If your question is not answered here, write us at ACM Removal. We will either answer it on this Frequently Asked Questions About Mold page or in one of our blog posts.
What is mold?
Mold is a type of fungus. Under the right conditions, it grows by extending its multicellular strands. In nature, mold serves to decompose dead organic material such as leaves, wood and plants. While individual mold spores and the hair-like bodies of individual molds are too small to see without a microscope, you can see mold growing in colonies on surfaces. It often appears black, blue, red or green. The color of mold is determined by its type, what it is growing on, and the age of the colony.
What is mildew?
Mildew is related to mold. Both are in the fungus family. However, while mold usually has a color, mildew is white. Mildew appears as a thin, superficial growth consisting of minute filaments. While mold grows on dead organic matter, mildew appears on living plants and organic matter (paper, wood, leather). Both mildew and mold produce distinct offensive odors. Both can cause certain health conditions in susceptible people.
Is all mold harmful?
No. Mold has its place in nature. Without mold’s decaying mechanism, our environment would be overcome with dead organic matter. Mold helps to decompose trees, plants and dead animals, returning them to the ecosystem in a different form. For instance, trees turn into soil.

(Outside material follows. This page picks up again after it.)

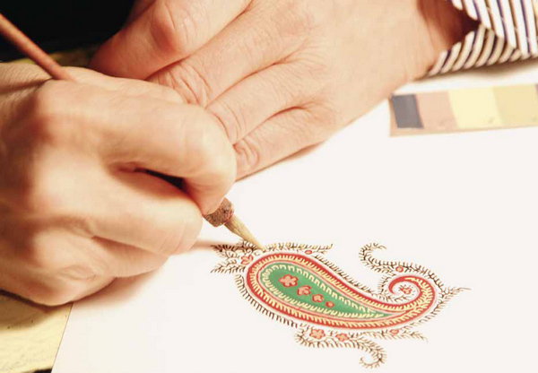 关于一件好作品所涉及到的“精湛的印染技术和稀有面料相结合的同时,融合了富有现代感的设计手法,从而体现出独特的美学创新理念。”这些关键步骤之中,Etro依然本持着传统手绘工艺的部分是其中最值得一提的,这种传统工艺可绘出独一无二的佩斯利印花图案,并展现出Etro原汁原味的面料触感和独特感觉,而这部分的佩斯利花纹的设计都来自手绘大师Serge Maury的手绘工艺和独特的佩斯利设计,也是Etro可以在一众时髦印花中保持独特性得以脱颖而出的又一关键所在。

Here are some of the other beneficial uses of mold:
- Mold is used to make life-saving penicillin and other antibiotics.
- Molds are used to make certain cheeses. Mold is the ‘bleu’ in bleu cheese, Gorgonzola and Stilton cheeses.
- Beer and wine are fermented using molds.
- Yeast, another member of the fungus family, enables bread to rise.
- Mushrooms are a form of fungus.
While controlled molds are used in food, pharmaceuticals and other industries, large amounts of mold growing in homes and businesses is a significant problem.
Where does mold grow?
Molds reproduce by means of tiny spores that float through the air. The tiny particles are usually neither visible nor bothersome. They are part of the natural environment and are present everywhere, both inside and outside. Under certain conditions, molds can grow and become a problem. Places such as greenhouses, antique stores, saunas, farms, haystacks, mills, construction sites, flower shops and summer cottages often harbor significant amounts of mold.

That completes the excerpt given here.